What the task asks: Take the lines of the data below from the very first through the line containing "Номер жалобы:47948 Тип" and output them exactly, pictures excluded.

Available data Start Marker

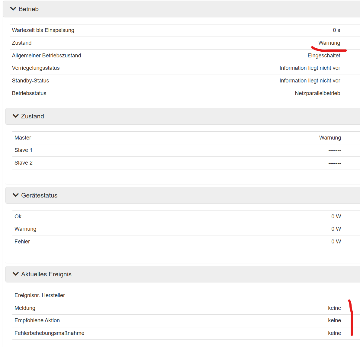Im Reiter “Ereignisse”, noch bei den Momentanwerten bekomme ich einen Fehler angezeigt.
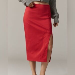 Anthropologie Maeve Red Bow Embroidered Midi Pencil Skirt Size M
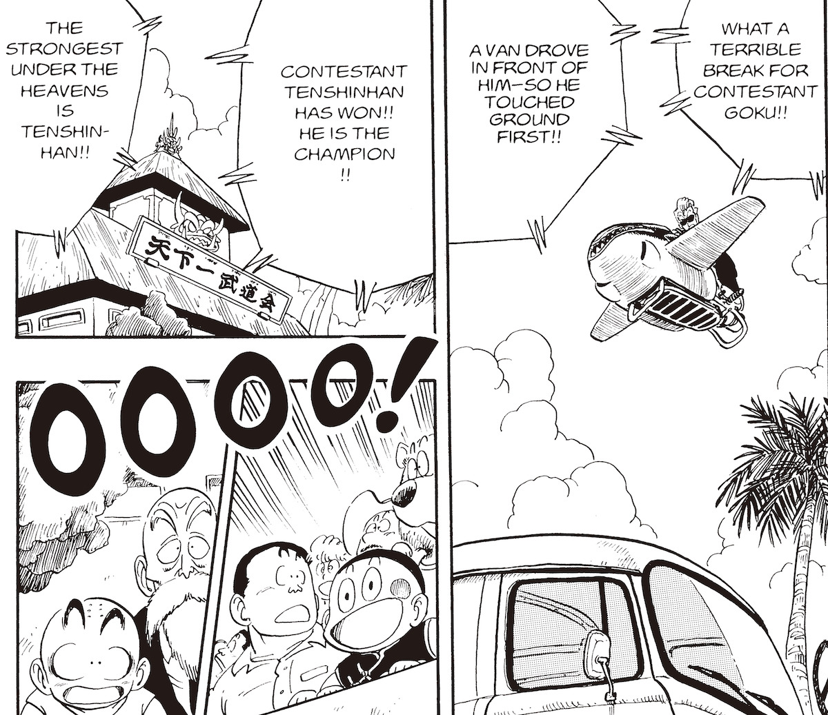 Mit dem Sieg im Visier wird Goku von einem Auto angefahren und fällt vor Tenshinhan zu Boden, was zu seiner Niederlage führt.
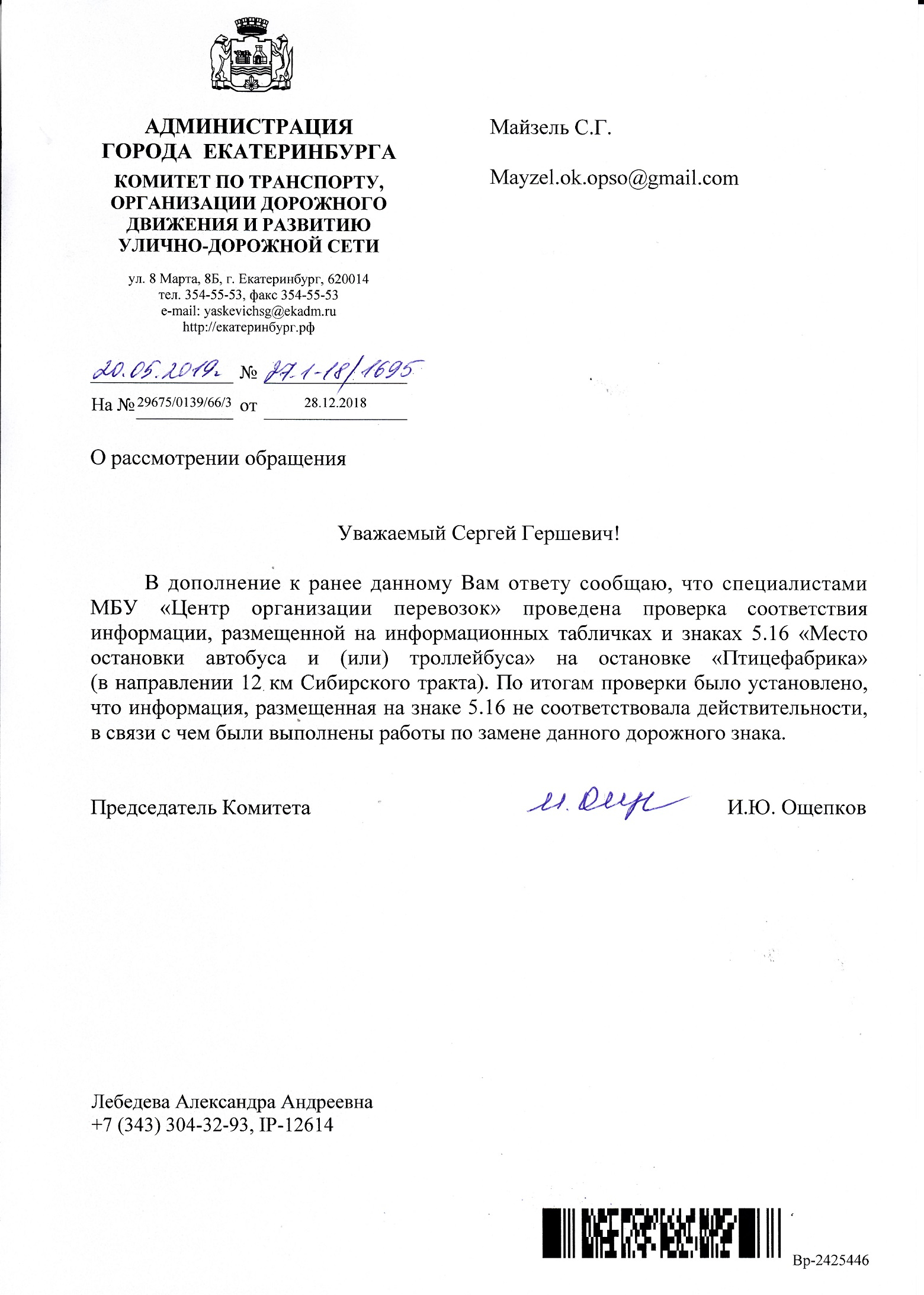 Номер жалобы:47948 Тип жалобы:Прочее Название объекта: Регион:Свердловская область Город:Екатеринбург Адрес:улица Амундсена Описание жалобы:Не правильный список маршрутов на знаке "Место остановки автобуса" у остановки Рабочая в сторону ост. Лесная. На знаке указаны маршруты А23,50м. Фактически проезжают маршруты: А23,50,054,Т14 Статус:
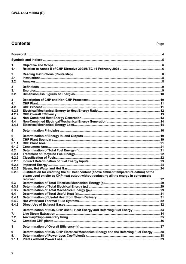 CWA 45547:2004 is a technical report published by CLC. Its full title is "Manual for Determination of Combined Heat and Power (CHP)". This standard covers: CHP can make significant fuel and emissions savings over conventional, separate forms of power generation and heat-only boilers. The generation of electricity from power stations is generally at efficiencies in the range 30-55%, based on the Net Calorific Value (NCV) or Lower Heating Value (LHV) of the fuel. Further losses occur in the transmission and distribution of electricity to customers. This means that 45-70% of the energy content of the fuel is not usefully employed. This unutilised energy content is rejected as heat directly to the atmosphere or into seas or rivers. The generation of electricity and the recovery of heat in CHP plants typically achieve overall efficiencies of 70-90% and above, corresponding to efficiencies of heat only boilers. The higher the overall efficiency and the power to heat ratio, the more effective the CHP process. Unlike conventional methods of electricity generation, in order to achieve such high overall efficiencies, some of the heat cogenerated in a CHP Scheme is usefully employed in industrial processes or for heating and hot water in buildings. The heat used in this way displaces heat that would otherwise have to be supplied by burning additional fuel in boilers or other direct-fired equipment and so also leads directly to a reduction in CO2-emissions. The development of CHP plays a crucial role in the European energy policy for reducing CO2- emissions. The determination of CHP products (heat and power outputs) is important not only for the CHP Directive [1] but also for the European Emissions Trading Scheme [2], State Aid guidelines for environmental improvement and the energy taxation Directive [3].
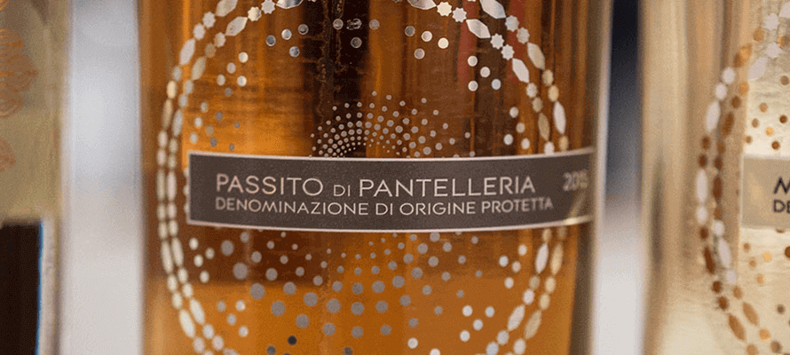 Carlo Pellegrino & C. Spa di Marsa, ha scelto l’agenzia Alias ADV, per vestire tre linee di vini dolci. L’etichetta adesiva, con applicata lamina oro e bronzo, presenta dei piccoli rilievi sulla superfice percebili al tatto. Il coordinato è composto da due bottiglie: moscato e passito, a cui si aggiunge lo zibibbo. Passito e moscato presentano il medesimo motivo grafico di tipo geometrico, nel caso del passito il motivo è rappresentato da toni chiari che ben contrastano con il colore ambrato del passito. Nel caso del moscato invece abbiamo un’inversion di tonalità e quindi un’etichetta con toni più scuri che contrastano sul colore paglierino della bottiglia.
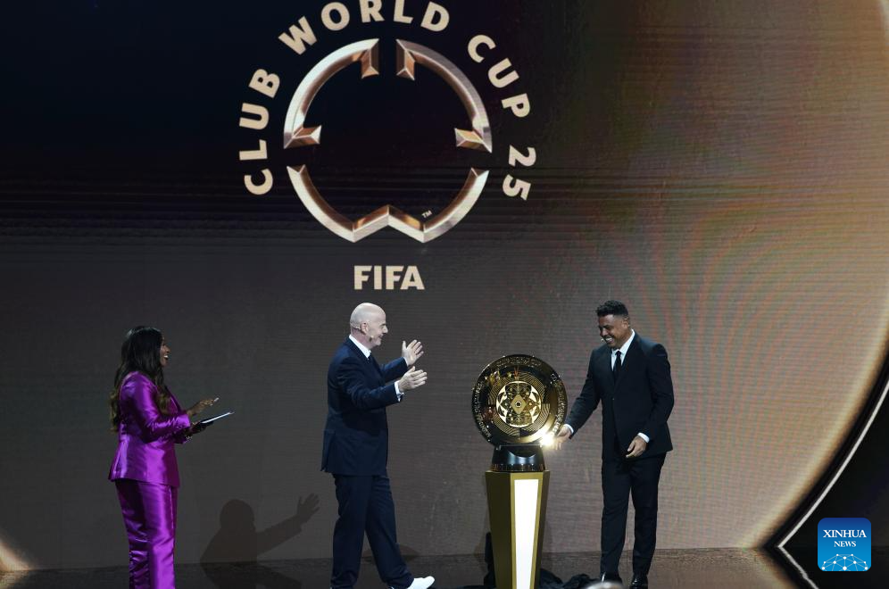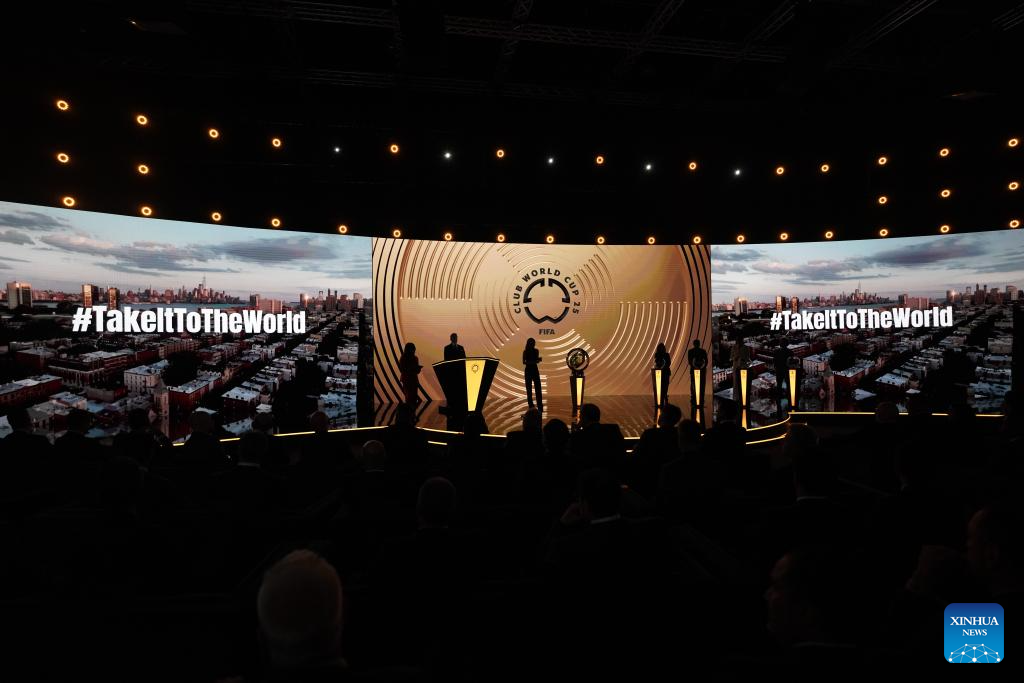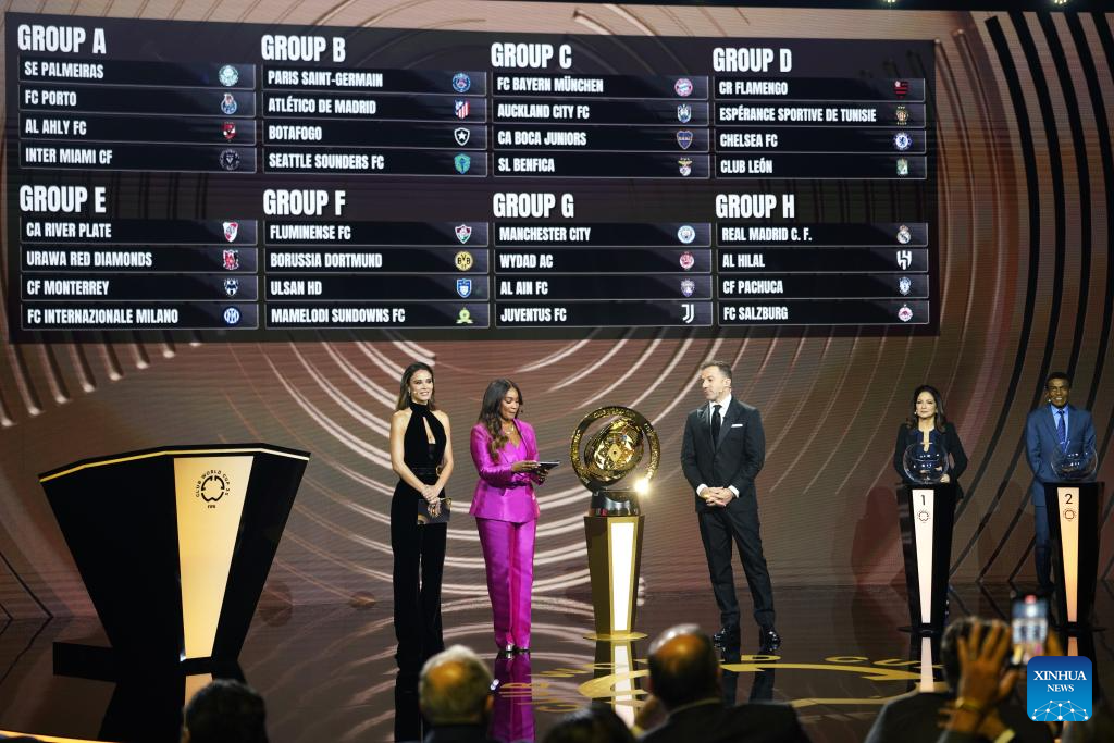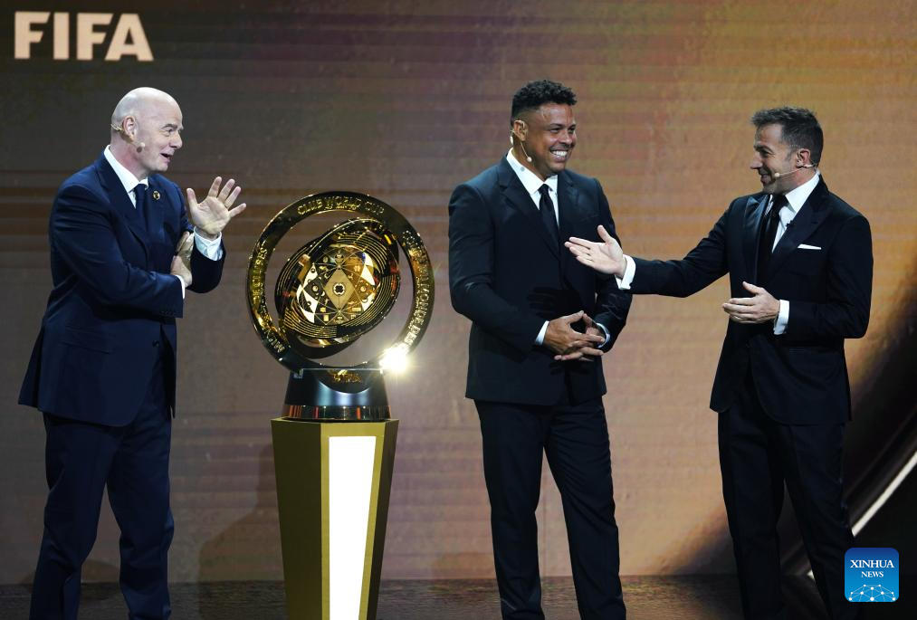 MIAMI, 6 diciembre, 2024 (Xinhua) -- Imagen del 5 de diciembre de 2024 de la ceremonia del sorteo del Mundial de Clubes de la FIFA 2025, en Miami, Estados Unidos. (Xinhua/Wu Xiaoling)
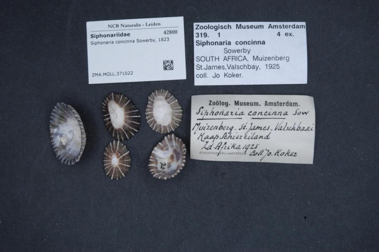 | Keywords: Naturalis Biodiversity Center - ZMA.MOLL.371022 - Siphonaria concinna Sowerby, 1823 - Siphonariidae - Mollusc shell.jpeg artwork Dimensions artwork Document type Siphonariidae Siphonaria Individual count Infraspecific epithet Infraspecific rank Institution Naturalis Kind of unit artwork Kind of unit specimen shell Life stage Medium artwork Nomenclatural code Source institute Zoölogisch Museum Amsterdam Scale the width of the text on the species/QR-code label is 38 mm Occurrence ID page Other fields Other versions artwork Permission license Naturalis donation CC-0 Mollusca Publication location Scientific name Siphonaria concinna Sowerby 1823 Scientific name authorship Sowerby 1823 Source url http //bioportal naturalis nl Specific epithet concinna State or province Subject keywords artwork Subject keywords publication Title artwork Title publication Type status Uploaded with GWToolset Naturalis_Biodiversity_Center_-_ZMA MOLL 371022_-_Siphonaria_concinna_Sowerby _1823_-_Siphonariidae_-_Mollusc_shell http //medialib naturalis nl/file/id/ZMA MOLL 371022/format/large Media donated by Naturalis Biodiversity Center Molluscs at Naturalis from the Zoölogisch Museum Amsterdam Siphonaria concinna Siphonaria |

Available data End Marker

Final answer:
Im Reiter “Ereignisse”, noch bei den Momentanwerten bekomme ich einen Fehler angezeigt.
 Anthropologie Maeve Red Bow Embroidered Midi Pencil Skirt Size M
 Mit dem Sieg im Visier wird Goku von einem Auto angefahren und fällt vor Tenshinhan zu Boden, was zu seiner Niederlage führt.
 Номер жалобы:47948 Тип жалобы:Прочее Название объекта: Регион:Свердловская область Город:Екатеринбург Адрес:улица Амундсена Описание жалобы:Не правильный список маршрутов на знаке "Место остановки автобуса" у остановки Рабочая в сторону ост. Лесная. На знаке указаны маршруты А23,50м. Фактически проезжают маршруты: А23,50,054,Т14 Статус:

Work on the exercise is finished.